When Annie had gone to choir practice,
Joy lay down on the futon couch and considered the move she’d been planning for eighteen months. She’d got beyond downright revenge and only wanted to make the unfairness of the settlement clear to Grant. Truly it had been wrong to slap him in front of his colleagues that evening, but when, for about the twentieth time, he’d said, in that smirking, patronizing way, “My wife’s something of a musician,” she’d lashed out. She didn’t have to say, as he stood there holding his bloody nose, “My husband’s something of an asshole.” But she did. Why he couldn’t have simply got over it and moved on in a decent, mature way was a mystery.

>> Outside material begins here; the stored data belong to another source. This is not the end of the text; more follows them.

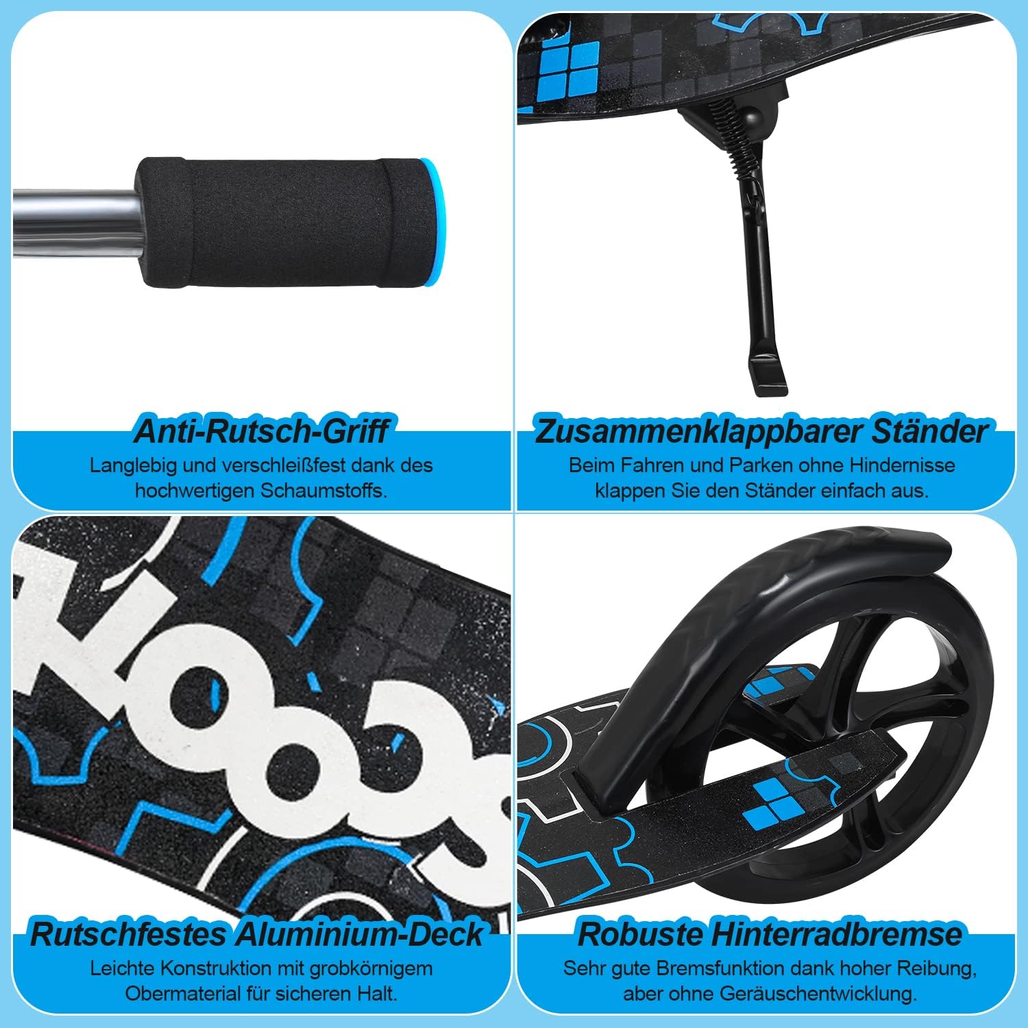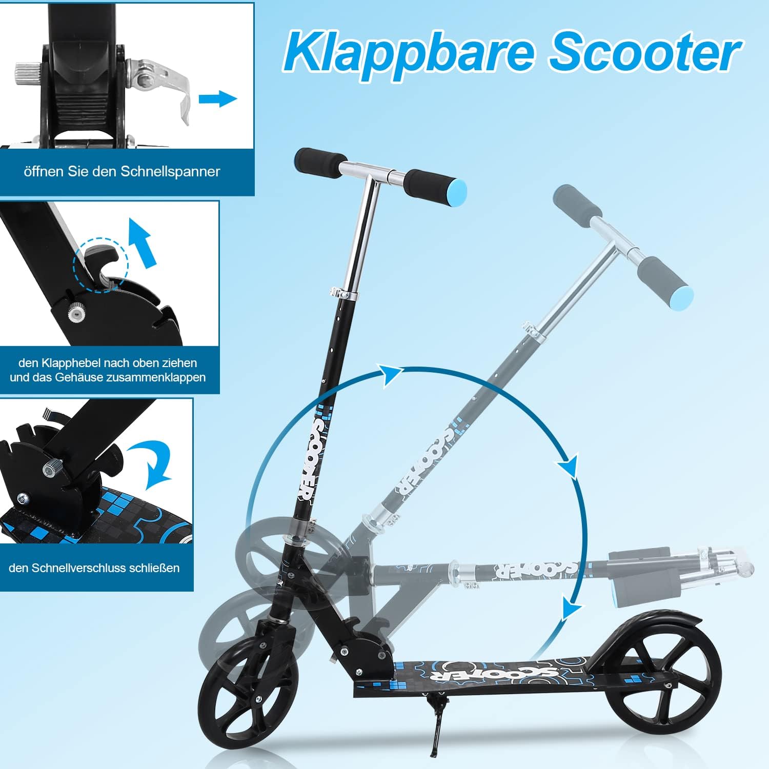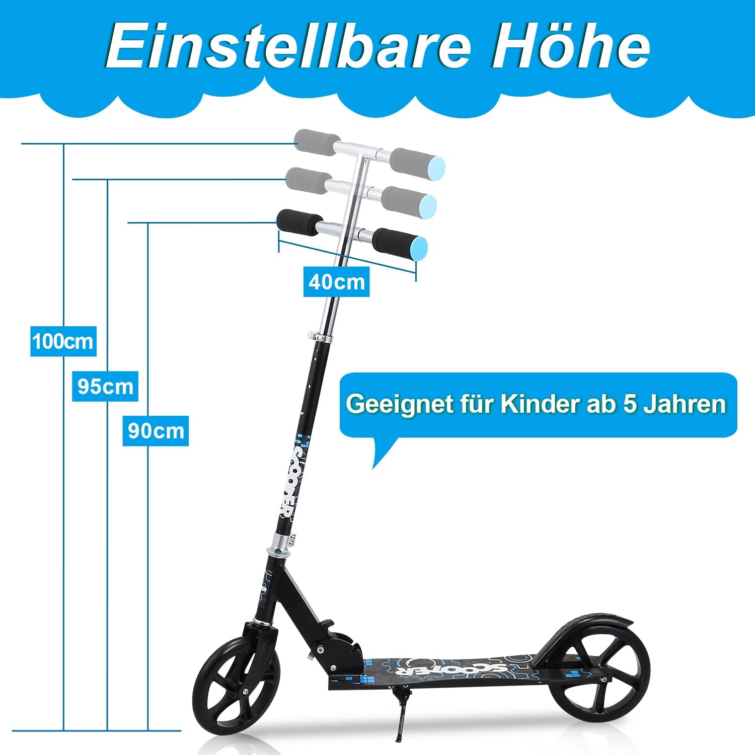 Guida sicura: le ruote in poliuretano di grandi dimensioni da 190 mm hanno un'elevata capacità di carico e si adattano per guidare senza problemi su strade dure e irregolari. Il freno a frizione posteriore avvolge completamente la ruota e fornisce un efficace effetto frenante. Può anche essere usato come parafango per evitare schizzi d'acqua. Altezza regolabile: manubrio regolabile in tre livelli (90-100 cm), che può regolare la posizione comoda in base alla forma e alle dimensioni del corpo del bambino. Il peso massimo dello scooter è di 100 kg, adatto per bambini/adulti oltre i 5 anni. Materiale premium: il monopattino per bambini ha un robusto telaio in alluminio di alta qualità, un manubrio ergonomico e una struttura. La morbida schiuma antiscivolo avvolge il manico e garantisce una buona presa. Facile da usare e da trasportare: basta appoggiare il meccanismo pieghevole per abbassarlo, premere il meccanismo pieghevole e far scorrere la barra a T in avanti per aprirla. Questo monopattino si adatta perfettamente all'auto e utilizza la cinghia in dotazione per un facile trasporto. ✅【Tavola extra larga e antiscivolo】 L'ampia tavola può offrire un buon equilibrio. Tavola satinata, sicurezza antiscivolo per evitare scivolamenti sulla tavola. Un ponte vicino al pavimento consente di spingere più facilmente lo scooter senza dover piegare le gambe nelle ginocchia.
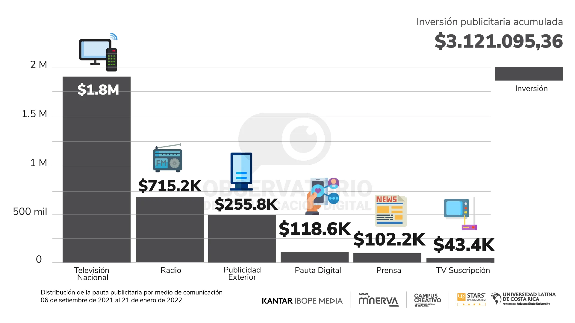 Inversión Publicitaria: Cantidad de dinero que han invertido los partidos políticos en pauta publicitaria. Las cifras están resumidas en miles de dólares. No aplica descuentos que tengan las agencias o partidos políticos previamente negociados con los medios de comunicación.
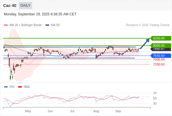 在 7640.00 之上,看涨,目标价位为 8000.00 ,然后为 8260.00 。
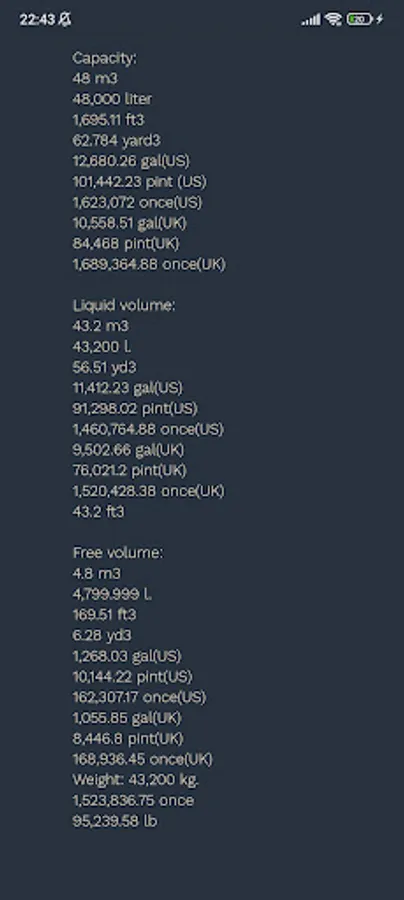 Count in a few clicks the volume of the tank you are interested in, as well as the level and weight of the liquid in it.
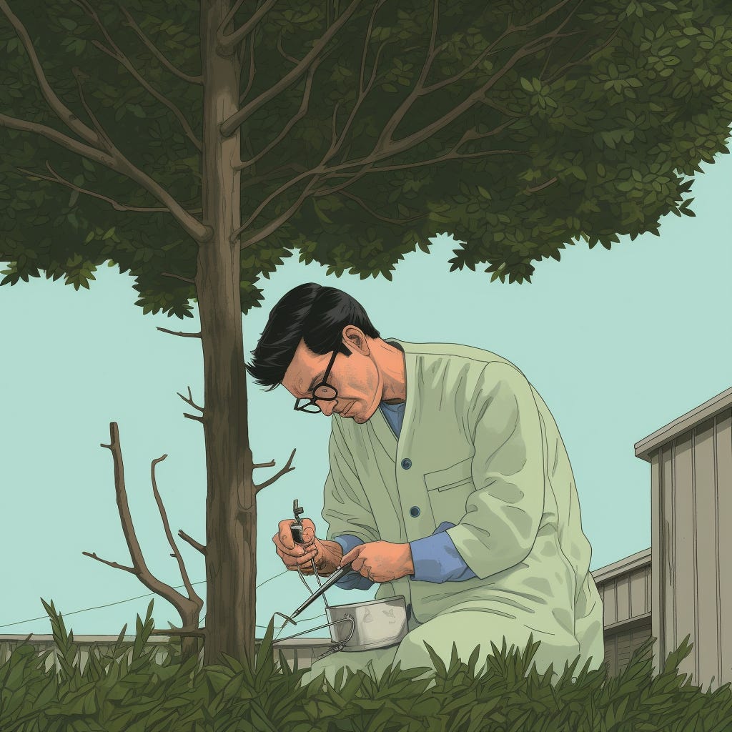 Over the next few weeks, the stories stacked up fast. My aunt Dorothy mailed her entire retirement fund to a Nigerian prince she met online. My neighbor Carl sold his house and blew the money trying to invent a new color. The outbreak was spreading faster than we could believe. No one knew how it was transmitted. You could be having a pleasant chat with someone and the next day they'd be walking their goldfish on a leash or trying to eat rocks because "they looked tasty." There seemed to be no cure on the horizon either.
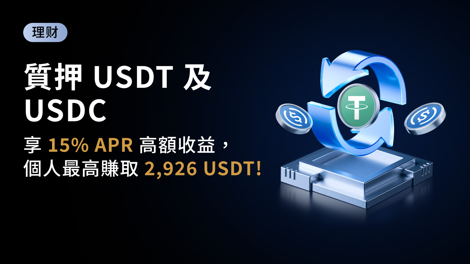 USDT 與 USDC 質押盛會:靈活存取享 15% APR,最高賺取 2,926 USDT!
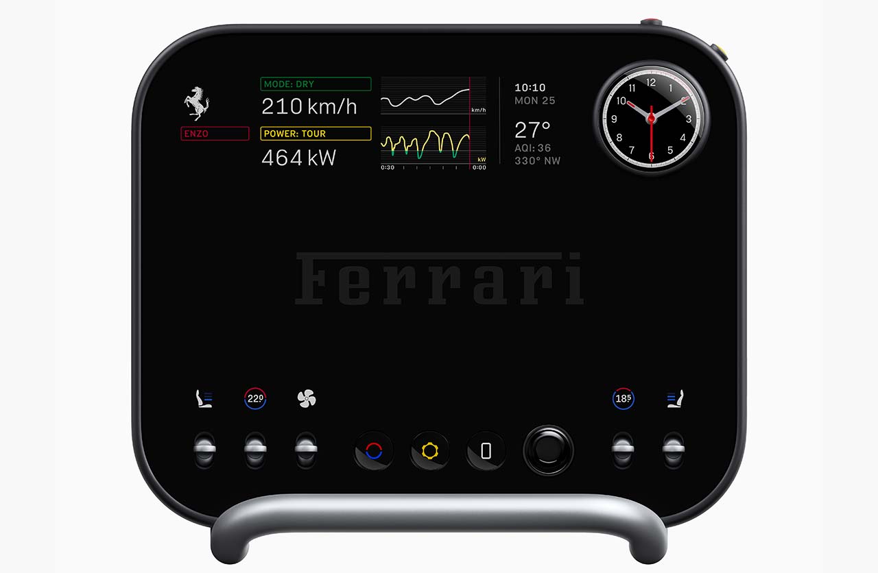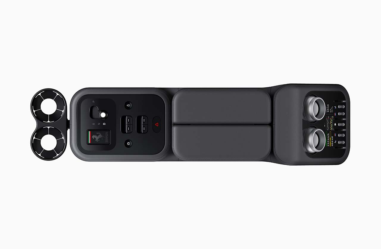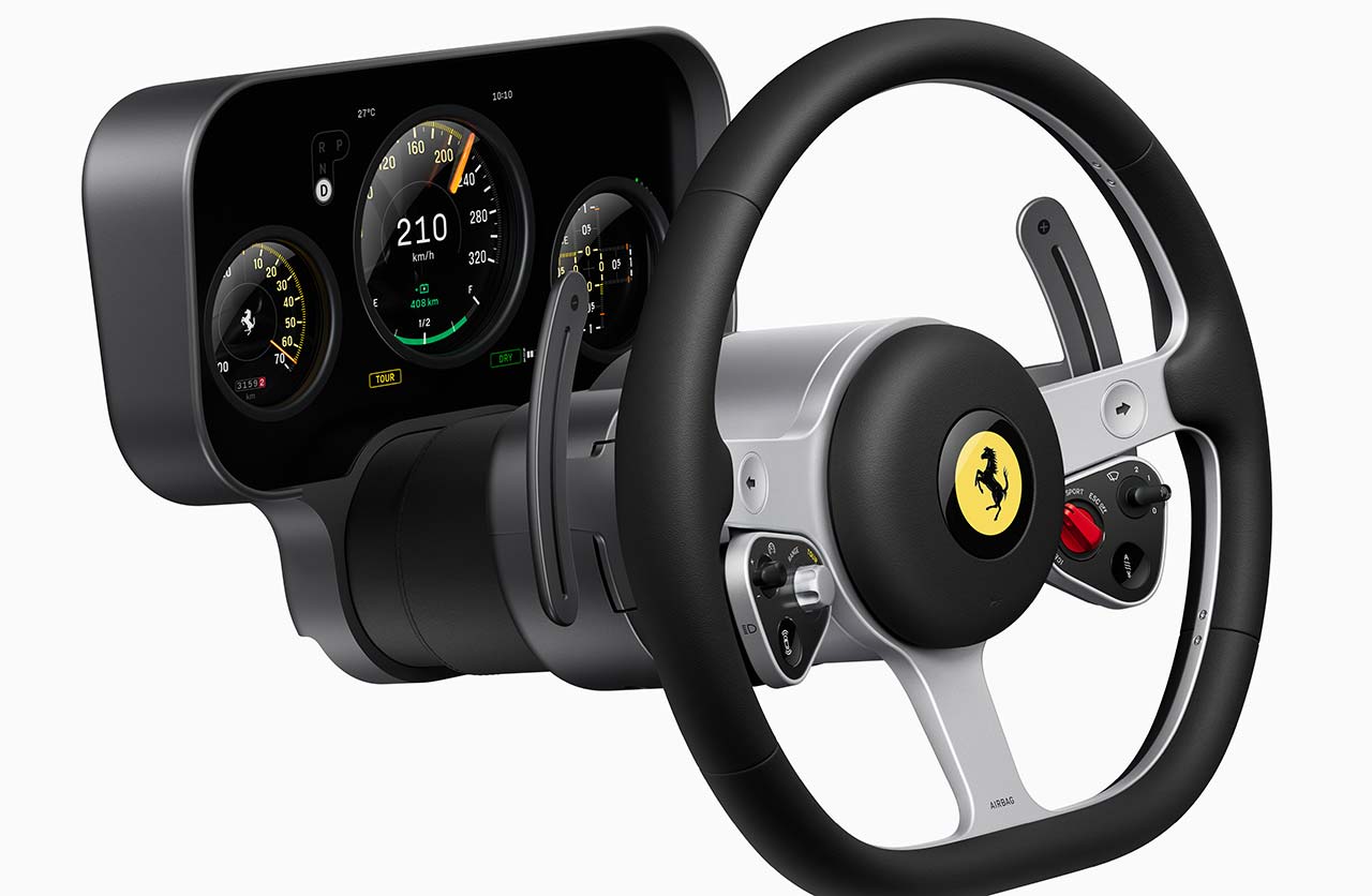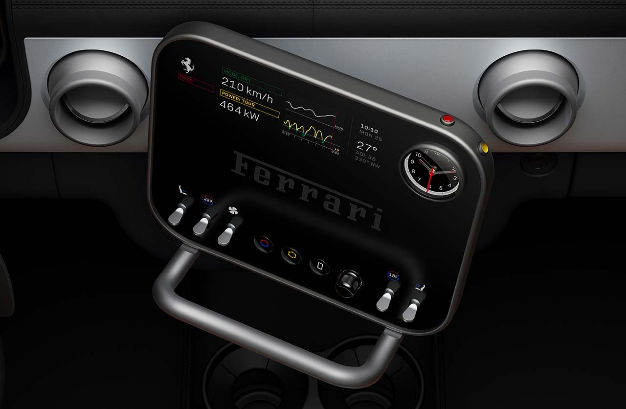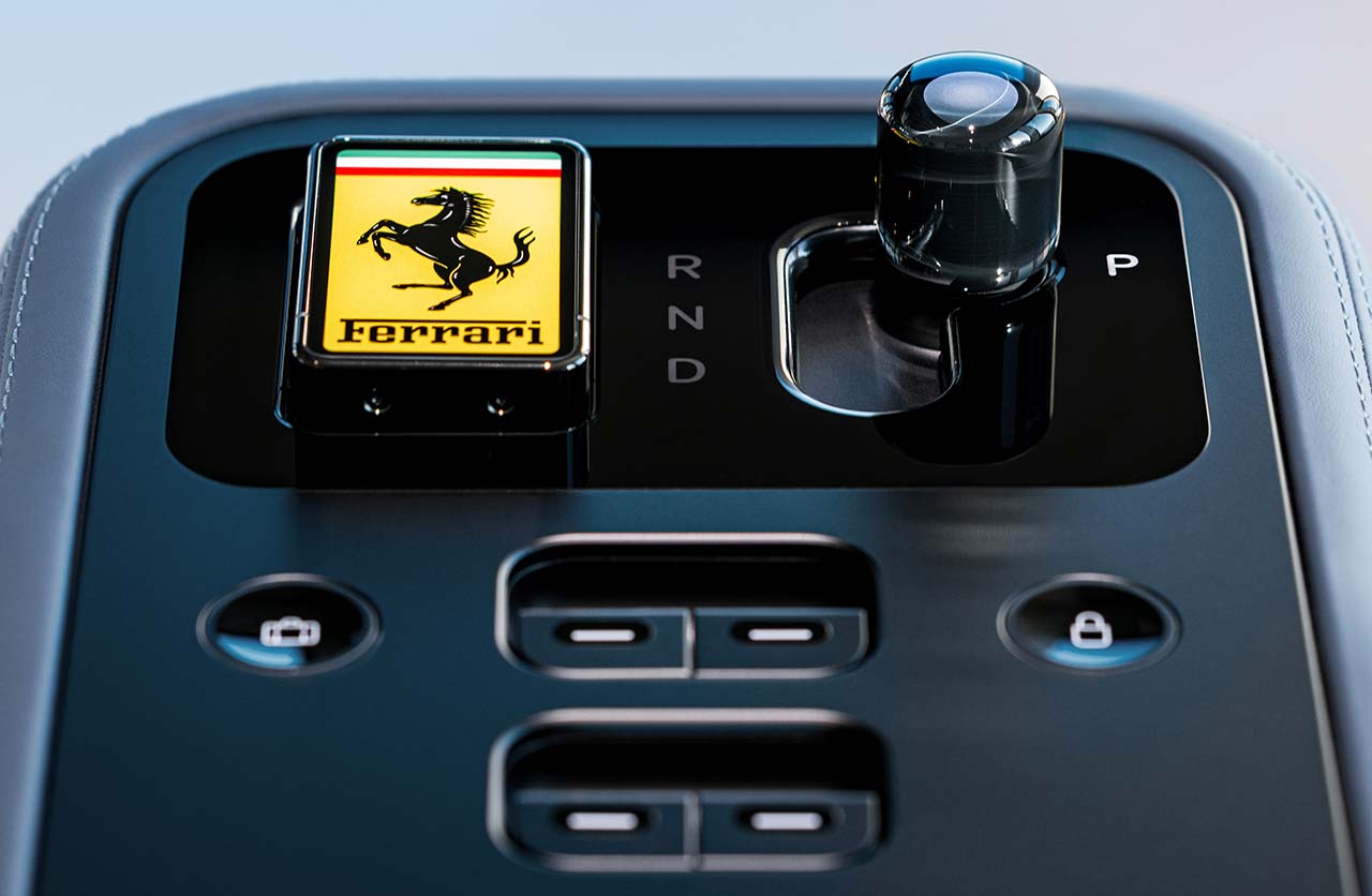 Ferrari además mostró otros comandos del puesto de conducción y la llamativa llave fabricada con Corning Gorilla Glass y pantalla de tinta electrónica (E Ink).

It was time to go and put on makeup and the not-so-little black dress: her evening uniform. The hotel guests who came and leant on the bar’s baby grand to make jokes and leave meagre tips would never recognize her as the street evangelist. As she listened to the undercurrent of chat and laughter, she played the kind of wallpaper music that allowed the customers to imagine they were having a good time. Now and then she interjected a classical fragment, and a face here and there would light up with pleasure. When she took a chance and sang, very softly, one of her
own lyrics, a man came across from the bar and said, “That’s Adele. One of hers.” Joy smiled and nodded and asked if he had any favourites. It’s what she was paid for, to pander.

Annie thought she and Errol were messianic idiots. It was not as though their admonishments to the public even came under the heading of “someone has to do it”. She didn’t understand either why it had taken Joy all this time since the divorce to get herself together. But Joy saw the steps she’d taken in that direction as a progression. The work at the women’s shelter, baking bread for the desperate, trying to learn French. Carrying Errol’s sign about had also helped with her recovery and had the added bonus of research. She hadn’t expected it to be inspiring too. She’d listened as she walked, and absorbed the rhythms of the street: footsteps slow and quick, broken phrases, impatient engines, a woman yelling at a TV set in a store window. It was a gift, and now all she wanted was time to make it hers. It wouldn’t be as short as a song. Once she had her piano, the form would impose itself on the music.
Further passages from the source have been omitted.